Format FAT32 with 32k Clusters

This is useful to speed up smaller drives.  The recent slew of monster drives make the 32k cluster size a default, since anything smaller than that makes too many clusters, and older systems cannot address huge numbers of clusters in their the FAT table.

By default, the format command will use the smallest cluster sizes possible for your hard drive partition.  It does this to maximize the usage of the available space.  If you use large cluster sizes, then small files will be forced to use at least one cluster, which wastes space.  However it wastes a small amount of space, and with todays huge drives - this is no longer an issue.

What is an issue is how fast your system can read and write files from the hard drive.  The larger the cluster size - the larger "chunks" that are fetched from the drive.  This speeds up performance.  For example, many drives were formatted with 4k clusters.  This means to read 32k of data, the system must perform eight fetches -  4k per fetch.  If you had instead formatted the same drive using 32k clusters, the system would only have to perform one fetch.

The format command is done in DOS, and the syntax is as follows :

format x: /z:64
    where x= your hard drive letter will format 32k clusters under fat 32.

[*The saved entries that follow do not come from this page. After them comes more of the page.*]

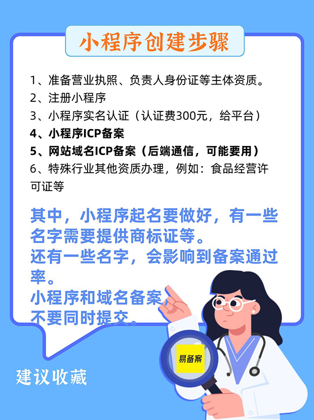 其中,小程序起名要做好,有一些名字需要提供商标证等。还有一些名字,会影响到备案通过率。
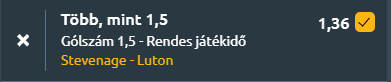 - League One-rangadót rendeznek a hétvégén, ahol a Stevenage hazai pályán fogadja a Luton Town csapatát. A hazaiak az élre ugorhatnak a tabellán, míg a vendégek a felsőházba való visszatérés reményében vágnak neki az összecsapásnak. A Stevenage tavaly a 14. helyen zárta a szezont, így kevesen számítottak arra, hogy ilyen erőteljes rajtot vesznek az új idényben. Alex Revell csapata szeptemberben veretlen maradt, és a stabil védekezés mellett a támadósor is kitűnően termeli a gólokat. A Boro az utóbbi öt mérkőzésén tizenegyszer talált a kapuba, ami jól mutatja a csapat formáját. A Luton Town esetében sokan a bajnoki címért folyó harc egyik esélyeseként számoltak, ám a hullámzó teljesítmény eddig visszavetette őket. Az elmúlt négy mérkőzésükből mindössze egyet tudtak megnyerni, és bár az előző fordulóban Gideon Kouda hosszabbításban értékesített büntetőjével pontot mentettek, így elkerülték ötödik vereségüket, továbbra sem találtak igazán stabil formát. A Stevenage támadósora kifejezetten jó formát mutatott az elmúlt hetekben, hiszen öt meccsen tizenegy gólt szereztek, miközben hazai pályán eddig veretlenek maradtak. A Luton ugyan ingadozó teljesítményt nyújtott, de támadásban rendre képes helyzeteket kialakítani és betalálni, ahogy azt a legutóbbi meccsükön is bizonyították. A vendégek védelmi bizonytalansága, illetve a Stevenage lendülete könnyen vezethet oda, hogy legalább két gól születhet a mérkőzésen!
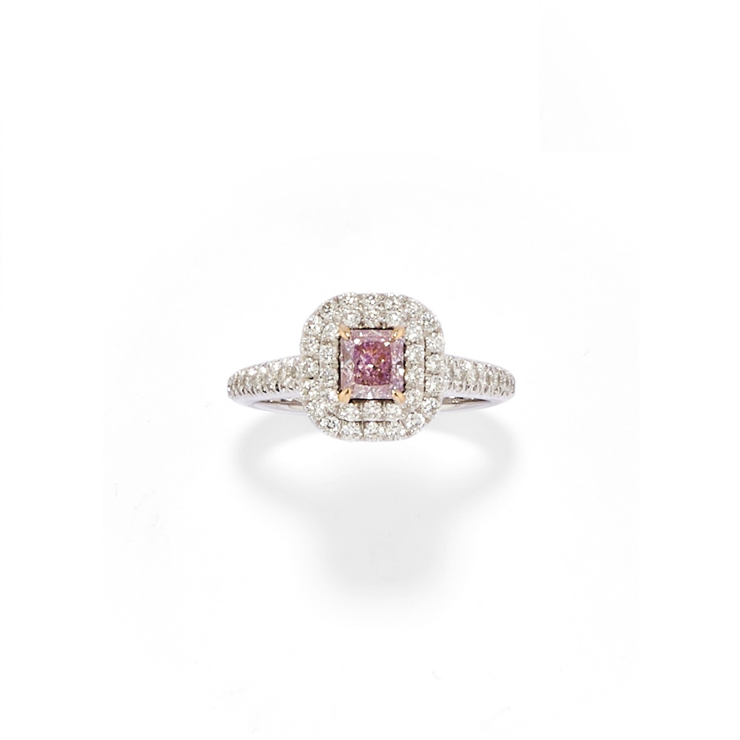 al centro diamante fancy colore pink-purple taglio rettangolare di ct 0,52 (caratura incisa), entro contorno di diamanti taglio brillante, con scatola.

for other sizes of clusters :

FORMAT x: /Z:n     - where n is the number of 512 byte sectors in a cluster;
    NOTE:  n must be a number 2^x, so: 1, 2, 4, 8, 16, 32, 64, ...

Examples:

format c: /z:32 (for 32 - 512 byte sectors per cluster = 16 bytes per cluster)
format c: /z:16 (for 16 - 512 byte sectors per cluster = 8k bytes per cluster)
etc.

NOTE: if you do not specify with the /z switch, it will default to 4 kB per cluster if possible (unless the drive is too big, then it may have to use larger cluster sizes). The minimum size of the drive partition for the default 4 kB clusters is 504 MB. This minimum size changes if you use larger cluster sizes, as does the maximum size.